▶ [DATA EXCERPTS]:
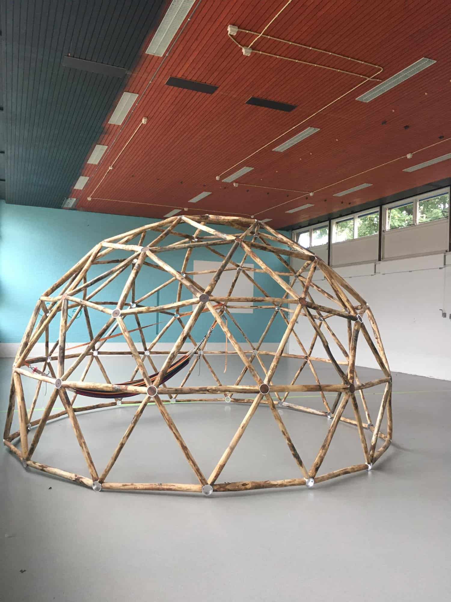 Hieronder ziet u een kastanjehouten geodome ingezet als landart project “Sunspace” door De Wilde Studio waarbij de waarnemer zich meer bewust wordt van zijn relatie met de Zon.
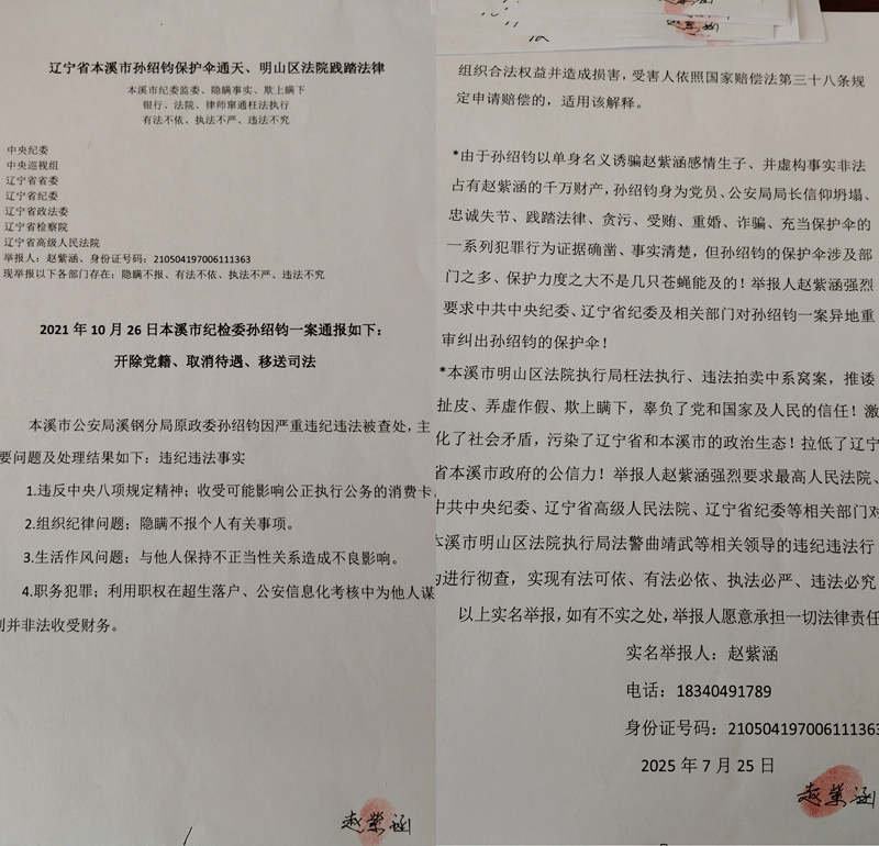 2021年5月13日,赵紫涵向本溪市纪委实名举报孙绍钧贪污、受贿、重婚、诈骗、充当保护伞并提交了充足的犯罪证据,其中就有孙绍钧诈骗赵紫涵1000多万元人民币这项。2021年9月,本溪市纪委监委只针对孙绍钧受贿罪向本溪市明山区检察院移交,没有诈骗和其它罪一说,赵紫涵逐级上告。2024年2月份,赵紫涵到辽宁省检察院控诉中心,实名举报孙绍钧多项犯罪,省检察院两位领导接见并且指出案件走向,让赵紫涵回到本溪市明山分局刑警队立案,赵已经向警方提交了真实证据。
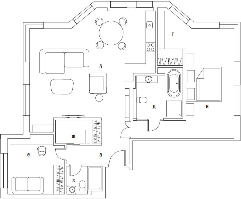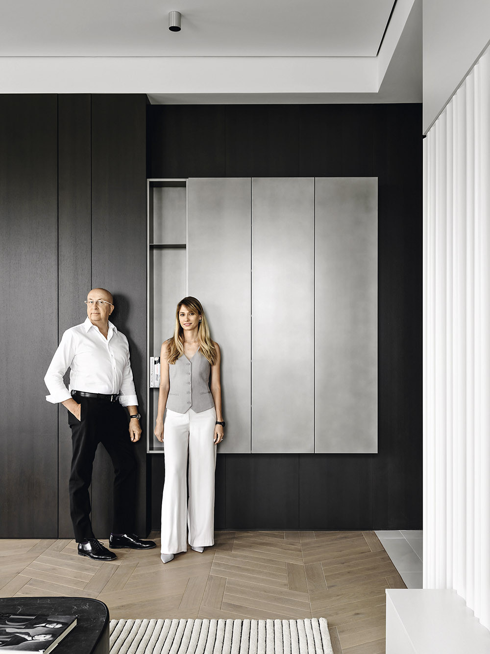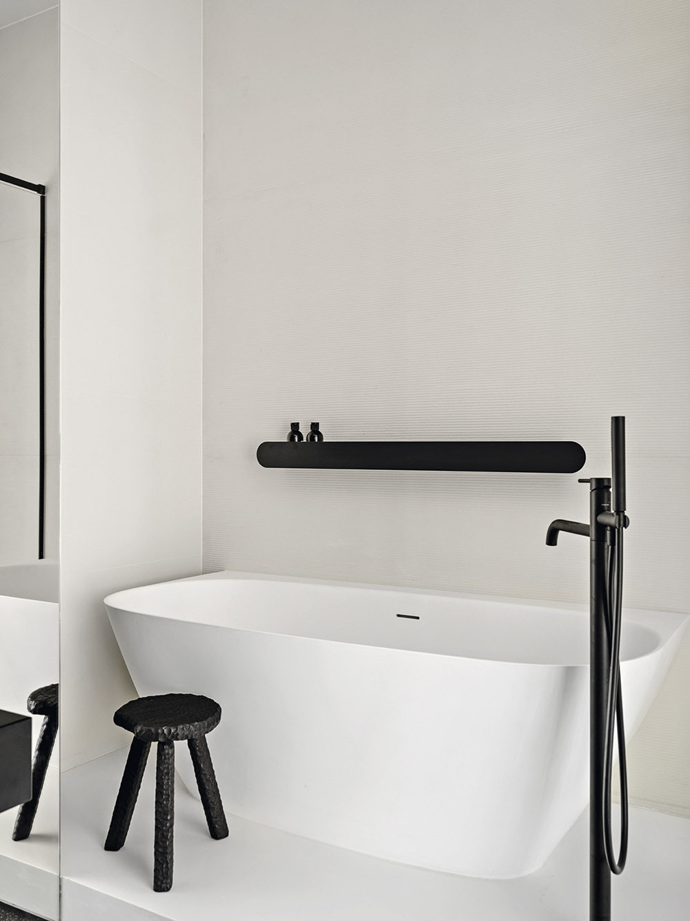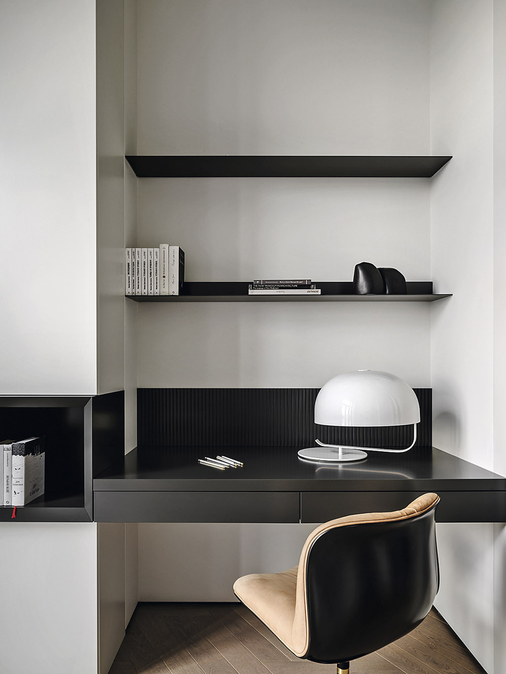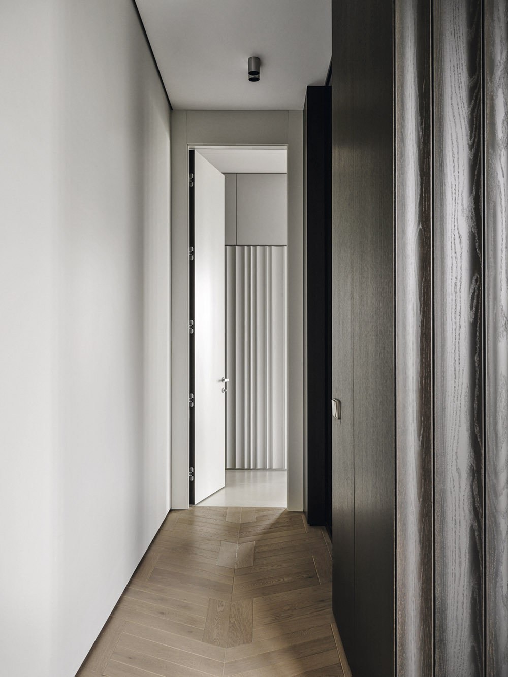 Гостиную буквально опоясывают большие панорамные окна, впускающие в интерьер динамичное настроение большого города. Мебель же здесь подобрана максимально удобная и комфортная для встречи больших компаний. Зону отдыха формируют широкие и низкие диваны MONONOVA, а также прочный и эргономичный журнальный столик. «В подборе мебели и аксессуаров мы были нацелены на предметы, которые помогали создать эргономичное пространство, где одинаково удобно и смотреть кино большой компанией, и общаться, и танцевать», — говорит Борис. Современный и во многом брутальный характер интерьера не лишил его домашних и уютных черт. Благодаря смелому соединению натуральных отделочных материалов и минимализма авторам проекта удалось достичь необходимого баланса. В высокие потолки вмонтировали технический свет, а для гостиной и зоны кухни подобраны лаконичные светильники. Полы же в единой общественной зоне обшили натуральным паркетом светлых тонов с практически классическим узором «елочка». Ноту классики в современный интерьер добавляет и стена в гостиной, выполненная из деревянных панелей с канелюрами. Домашнее тепло и динамичность соединил в себе масштабный ковер DОVLET HOUSE с архитектурным геометричным рисунком. Его мягкость выгодно контрастирует с металлом стульев и кухонными фасадами, чья холодная матовая поверхность оттеняет настенные панели из темного натурального дерева. «Таким образом интерьер проявляет свой брутальный, мужской характер, но при этом сохраняет необходимый любому жилому пространству уют и комфорт», — объясняет Борис Уборевич-Боровский. Аналогичный прием применили в интерьере спальни и всей приватной зоны. Часть стен хозяйской спальни декорирована панелями из темного тонированного дуба, полы при этом обшиты светлым паркетом. Еще один уровень контрастности заложен в сочетании общей монохромной гаммы и ярких акцентов в виде живописных картин. Работы Константина Zmogk Данилова появляются и в зоне гостиной, и в рабочем кабинете. В приватной же зоне цветовые акценты уступают место знаковым предметам мебельного дизайна. Настоящим украшением спальни и самостоятельным арт-объектом стало коллекционное кресло в честь Василия Кандинского (модель «Василий») от Марселя Брайера в стиле конструктивизма. Таким образом несколько уровней контраста — цветовой, фактурный и стилистический — сформировали динамичный и одновременной брутальный интерьер для современного молодого человека.
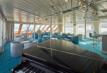 On apprécie ce petit paquebot de 124 mètres de long à faible tirant d’eau. Parce qu’il est à taille très humaine et qu’il est largement ouvert sur l’extérieur. Pas de doute, il règne à bord une ambiance chaleureuse et intime. Ses 113 cabines et suites répondent aux aspirations des amoureux des croisières de grande tradition et des amateurs du grand large. Toutes sont spacieuses, lumineuses grâce à la présence de doubles hublots, de sabords ou encore de balcons privés.
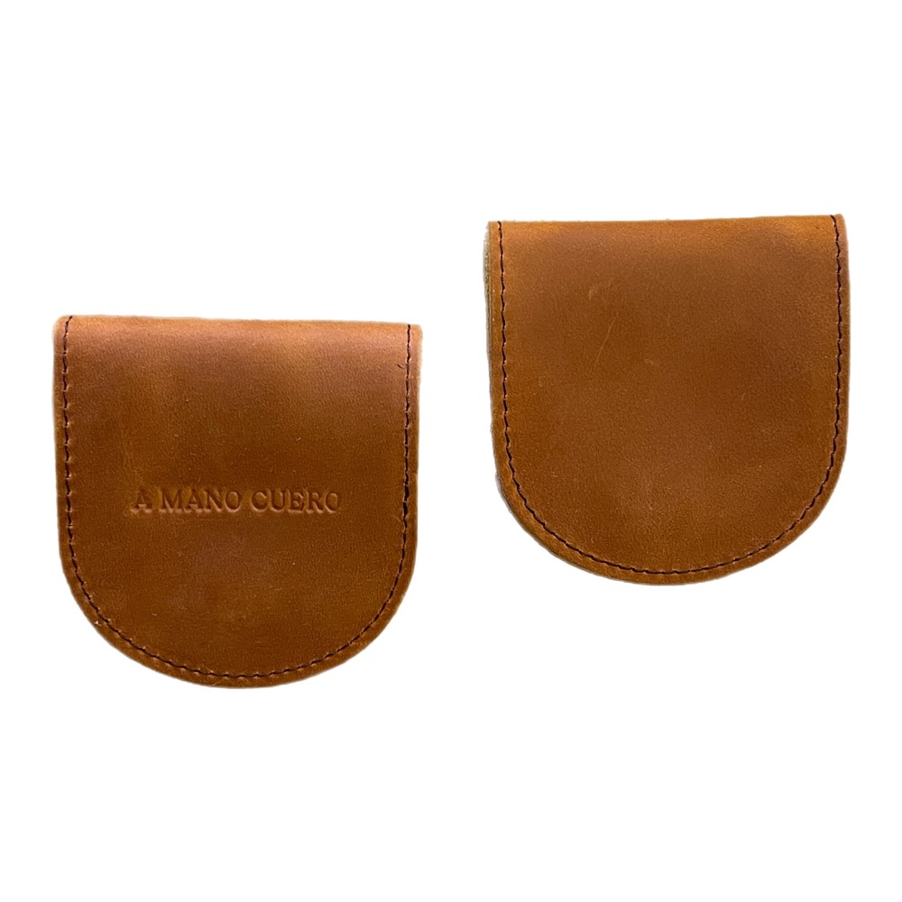 Pequeño monedero de piel con broche oculto para evitar que se salgan las monedas.
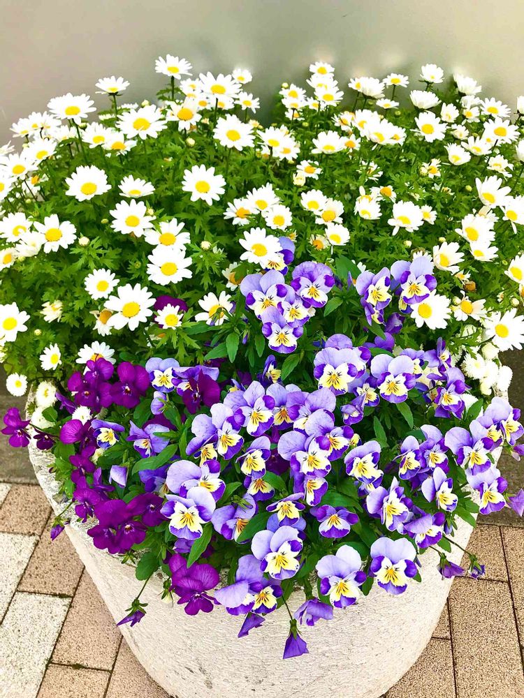 ふんわりボリューミーなパンジー&ノースポールの寄せ植えです💜❤💙💚💛上段の白ᵃⁿᵈイエローと下段のパープル系が爽やかな季節の訪れを告げてますねっ˙꒳˙)♡
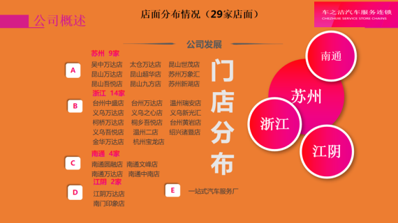车之洁汽车服务连锁 车之洁汽车护理服务有限公司为苏州五赢企业管理有限公司子公司之一,成立于2012年,目前共有29家直营店和一家一站式综合体(苏州区、昆山区、太仓区、南通区、浙江义乌、台州、柯桥、杭州、瑞安),团队有专业的服务人员,公司也在不断的培养服务精英以及筹备新店。领导者拥有多年的汽车美容管理经验,且携带来自台湾成功的汽车美容护理理念,力图成为具有规模的汽车美容服务连锁。
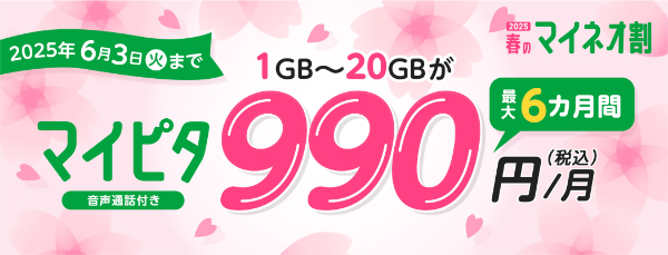 マイピタ1~20GB 最大6カ月間990円キャンペーン
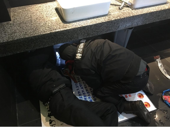 图为保安和电工一起抢修冻裂的水表水管。
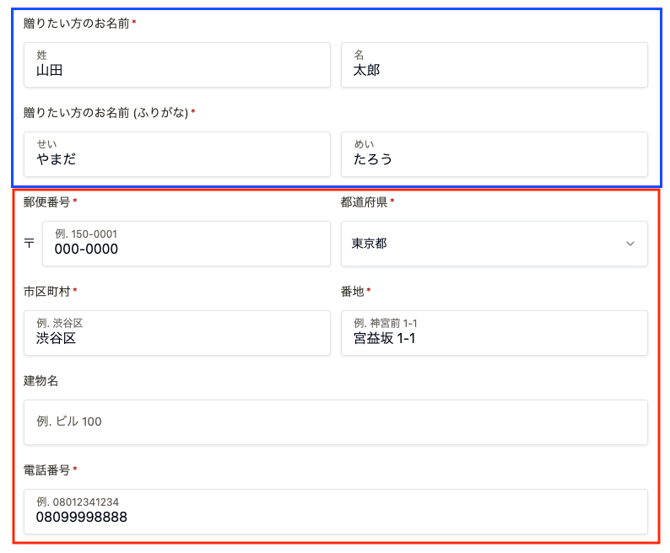 ギフトボックス送付先記入方法 ギフトボックス送付先記入方法は、お渡し方法によって記入が異なります。①贈りたい相手先に発送する場合②ご自身で受け取り、後日手渡しの場合※ギフトボックスを手渡しでお贈りしたい場合、ご自身で先に受け取りをしていただくことも可能です。 ①贈りたい相手先に発送する場合 青枠部分:お贈り先の方のお名前 赤枠部分:お贈り先の方の住所、電話番号 ②ご自身で受け取り、後日手渡しの場合 青枠部分:お贈り先の方のお名前 赤枠部分:お受け取りされるご自身の住所、電話番号
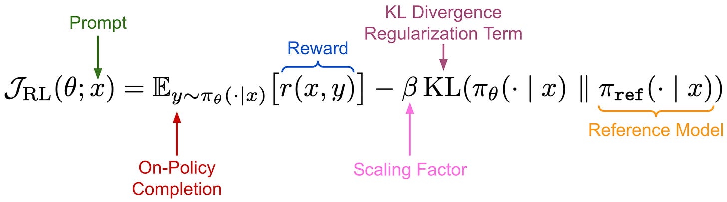In contrast, RL uses the objective shown below, which focuses on maximizing the reward—such as a binary correctness signal in RLVR—of on-policy completions sampled for prompts taken from a fixed dataset. Optionally, we can include a KL divergence regularization term that penalizes the model for producing an output distribution that differs significantly from some reference model2.
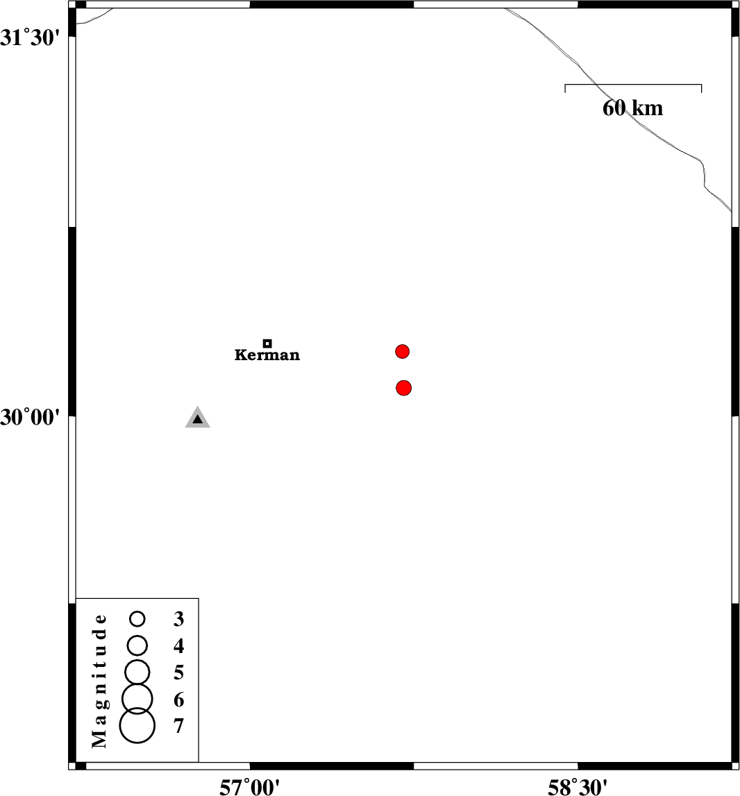 | 2021/03/23 | 05:18:25.8 | 09:48:25.8 | 30.111 | 57.703 | 12 | ML3.1 | Kerman Province, 63 km South-East of Kerman | ||
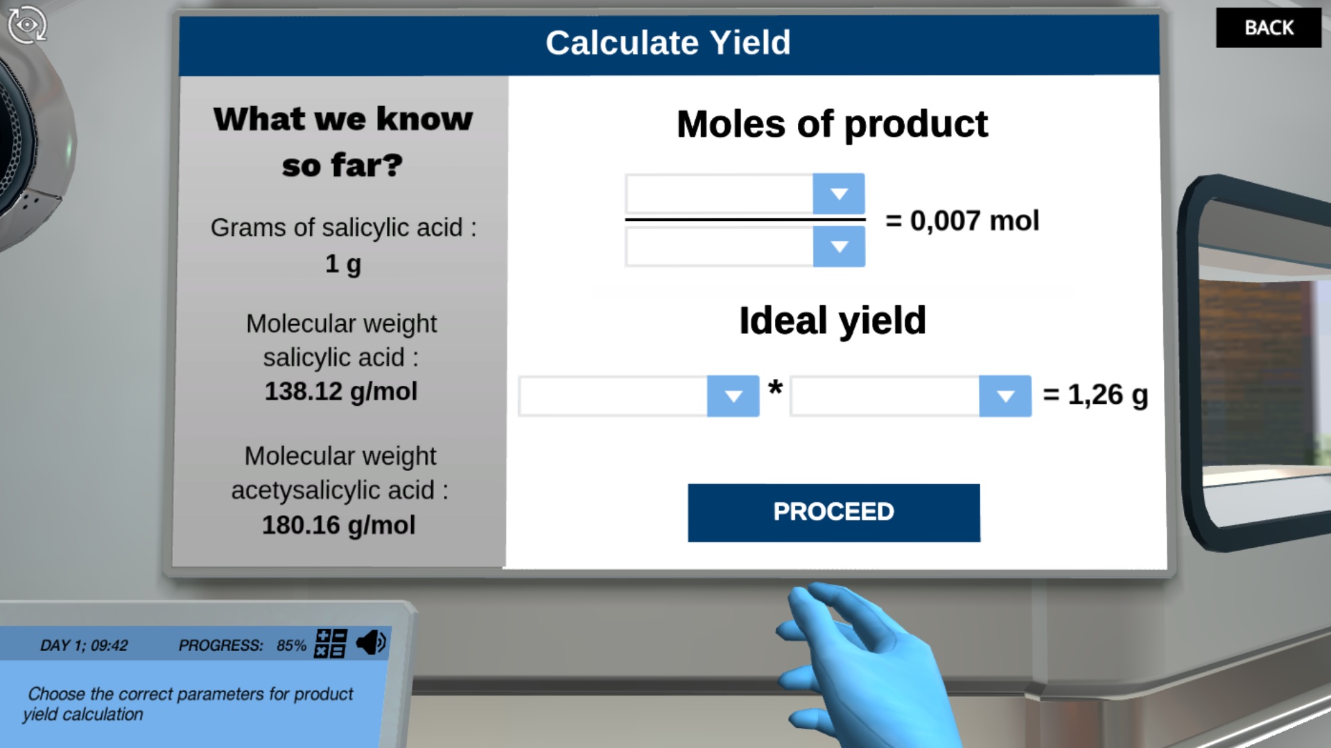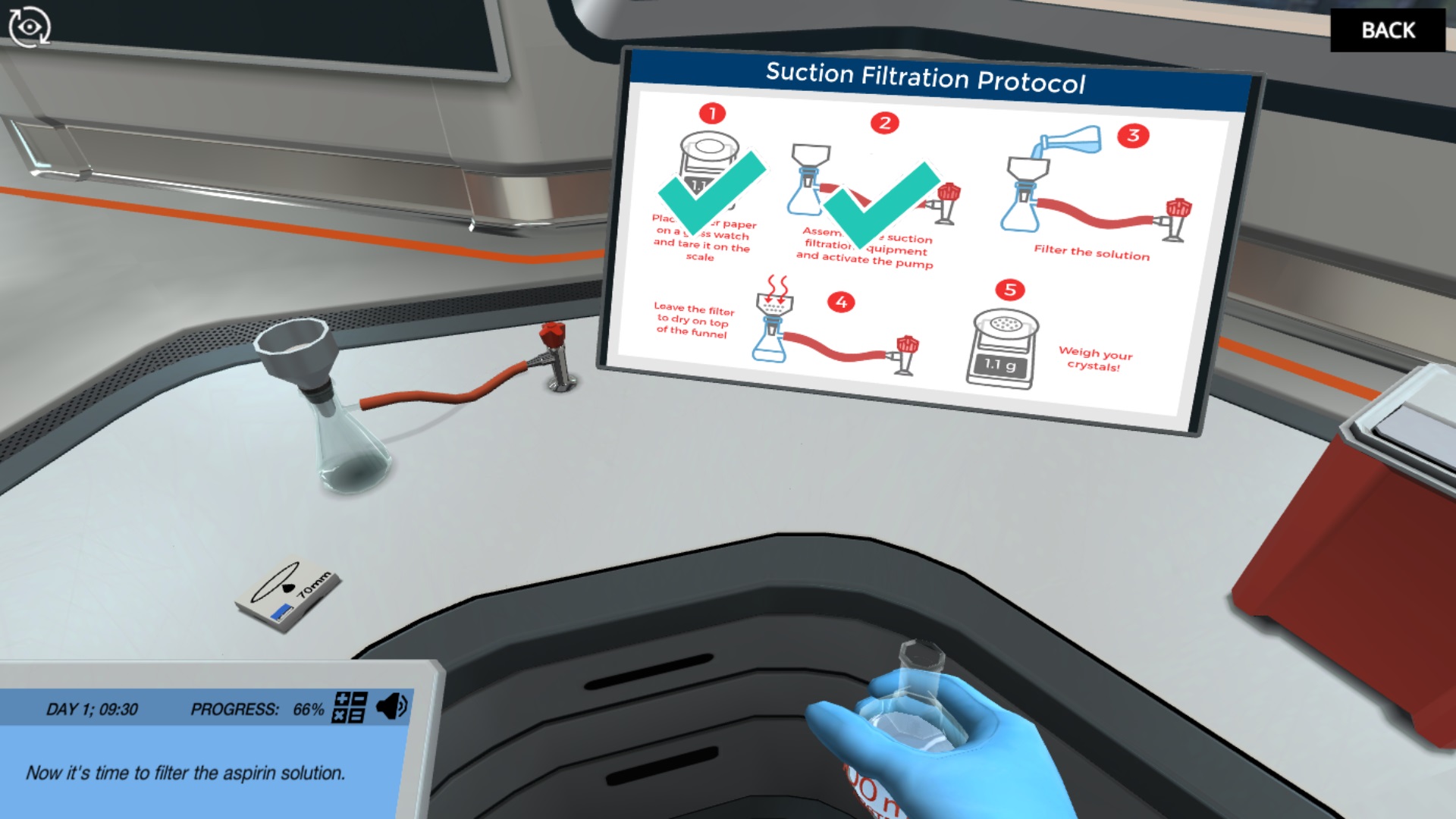 The practical part of the simulation begins. Following the canonical synthetic route, you go through the steps of a synthesis like you would in a real laboratory, with some precious time gained! In our virtual lab, multiple actions can happen simultaneously and you can speed up time.

▶ [TASK OBJECTIVE]: Repeat nothing but the lines from the one containing "In contrast, RL" through the end of the entries, exactly, and skip the pictures.

▶ [WRITTEN RESPONSE]:
In contrast, RL uses the objective shown below, which focuses on maximizing the reward—such as a binary correctness signal in RLVR—of on-policy completions sampled for prompts taken from a fixed dataset. Optionally, we can include a KL divergence regularization term that penalizes the model for producing an output distribution that differs significantly from some reference model2.
 | 2021/03/23 | 05:18:25.8 | 09:48:25.8 | 30.111 | 57.703 | 12 | ML3.1 | Kerman Province, 63 km South-East of Kerman | ||
 The practical part of the simulation begins. Following the canonical synthetic route, you go through the steps of a synthesis like you would in a real laboratory, with some precious time gained! In our virtual lab, multiple actions can happen simultaneously and you can speed up time.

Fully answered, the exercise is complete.